Ребята, только что радовавшиеся возможности ночевать в лесу, теперь так же бурно обрадовались появлению машины и высокого человека, идущего прямо к ним. Все повскакали с мест и внимательно смотрели то на незнакомца, то на Агриппину Федоровну, которая быстро встала и с улыбкой на раскрасневшемся лице, заранее протягивая руку, шла навстречу незнакомцу.
– Агриппина Федоровна! Милая! – не доходя до нее, взволнованно заговорил приехавший. – Я услышал, что ты едешь в родные края и не удержался, решил сам встретить. Целых восемь лет не виделись, а?
Он на ходу снял фуражку, подошел к Фадеевой и обеими руками пожал ее протянутую руку, потом быстрым взглядом окинул подростков, с любопытством смотрящих на него во все глаза, и, не надевая фуражки, с улыбкой отрекомендовался:
– Григорий Максимович Цветаев, агроном и парторг колхоза "Искра". – И, снова поворачиваясь к Агриппине Федоровне и рассматривая ее, заговорил: – Не изменилась, ничуточки не изменилась, разве только постарше стала.

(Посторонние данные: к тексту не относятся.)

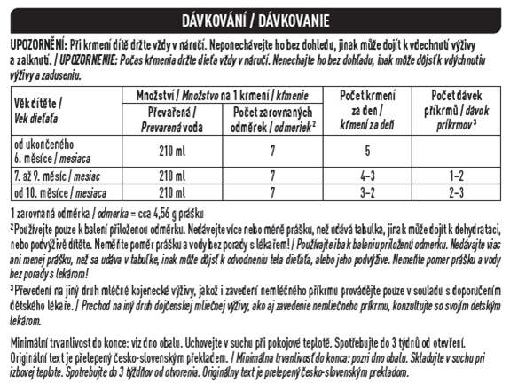 UPOZORNĚNÍ: Připravujte vždy jen jedinou dávku a krmte ihned po přípravě. Neuchovávejte nedojedené porce. Dodržujte přesně návod na přípravu, jinak ohrozíte zdraví kojence.

– Постарела! – засмеялась Агриппина Федоровна.
– Именно постарше! И так же все в цветнике! – Он показал рукой на мальчиков и девочек. – А у нас все по-новому, не узнаешь. Школа там же, только на вид совсем другая стала. Ну, да посмотришь сама. Поехали? – перебил он сам себя.
– Поехали! – ответила Фадеева и направилась к вещам.
Ребята с оживленными возгласами, толкая друг друга, кинулись за своими пожитками.
– Все в сборе? – поднимая с земли пальто, спросила Агриппина Федоровна.
– Все! – ответил Чернилин.
Стася беспокойно оглянулась и нерешительно сказала:
– Сафронова нет.
– Сафронова нет! – подхватил Новиков.
– Ну, покричите его. Одну минутку подожди, – обратилась она к Григорию Максимовичу.
– Сафронов! – крикнула Вера во весь голос.
– Геннадий Петрович! – протяжно закричал, точно заплакал, Чернилин.
И все засмеялись.
– Ген-ка-а! – повторил он, направляясь в гору.
– Вы с ним вместе ходили. Может быть, он заблудился? – спросила Стася Новикова.
Тот внимательно посмотрел на нее и, заметив ее беспокойство, сказал:
– Не волнуйся, Стася, в этом лесу дурак не заблудится. – Затем, повернувшись к Агриппине Федоровне, добавил насмешливо: – Генка сказал мне, что его посетила крылатая муза и он отправился писать стихи.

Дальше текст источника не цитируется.